X. No Right to Ongoing Participation. The selection of an individual as a Participant in the Plan for any Plan Year shall not require the selection of such individual as a Participant for any subsequent Plan Year, or, if such individual is subsequently so selected, shall not require that the same opportunity for incentive award provided the Participant under the Plan for an earlier Plan Year be provided such Participant for the subsequent Plan Year.
 
XI. No Personal Liability. Neither the Company, its Subsidiaries nor any Committee member or its delegate shall be personally liable for any act done or omitted to be done in good faith in the administration of the Plan.
 
XII. Unfunded Plan. No Participant or other person shall have any right, title or interest in any property of the Company or its Subsidiaries, and nothing herein shall require the Company or any Subsidiaries to segregate or set aside any funds or other property for the purpose of making any payment under the Plan.
 
XIII. Facility of Payment. When a person entitled to an incentive award under the Plan is under legal disability, or, in the Committee’s opinion, is in any way incapacitated so as to be unable to manage such person’s affairs, the Committee may direct the payment of an incentive award directly to or for the benefit such person, to such person’s legal representative or guardian, or to a relative or friend of such person. Any payment made in accordance with the preceding sentence shall be a full and complete discharge of any liability for such payment under the Plan, and neither the Committee nor the Company or any Subsidiary shall be under any duty to see to the proper application of such payment.
 
XIV. Withholding for Taxes and Benefits. The Company and its Subsidiaries, as applicable, may withhold from any payment to be made by it under the Plan all appropriate deductions for employee benefits, if applicable, and such amount or amounts as may be required for purposes of complying with the tax withholding obligations under federal, state and local income and employment tax laws.
 
XV. Amendment and Termination. The Board of Directors may amend the Plan at any time and from time to time, in whole or in part, and may terminate the Plan at any time, which amendment or termination may include the modification, reduction or cancellation of any prospective Award hereunder which has not been earned and vested pursuant to the terms of the Plan prior to the time of any such amendment or termination, provided that no such amendment or termination shall change the terms and conditions of payment of any Award the final amount of which the Committee has certified to a Participant. Notwithstanding the foregoing, any amendment to the Plan that changes the class of Employees eligible to participate, changes the Performance Goals, or increases the maximum dollar amount that may be paid to a Participant for a Plan Year shall not be effective with respect to Section 162(m) Executives unless such amendment is approved by the holders of the Company’s common stock.
 
XVI. Section 162(m) Conditions.
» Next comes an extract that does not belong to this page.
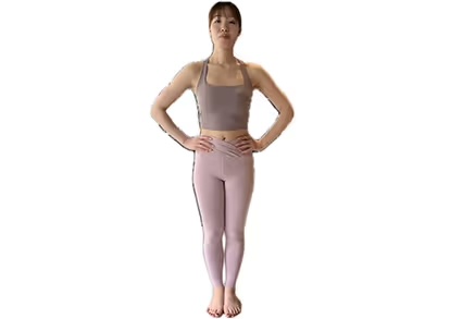1. 両足の裏をしっかりとマットにつけて立ち、両手を腰にあてる

The Company intends for the Plan and any Awards to satisfy, and to be interpreted in such manner as to satisfy, the provisions of Section 162(m) of the Internal Revenue Code with respect to all Section 162(m) Executives. Any provision, application or interpretation of the Plan that is inconsistent with such intent shall be disregarded.
 
XVII. Applicable Law. The Plan shall be construed under the laws of the State of Illinois, other than its laws with respect to choice of laws.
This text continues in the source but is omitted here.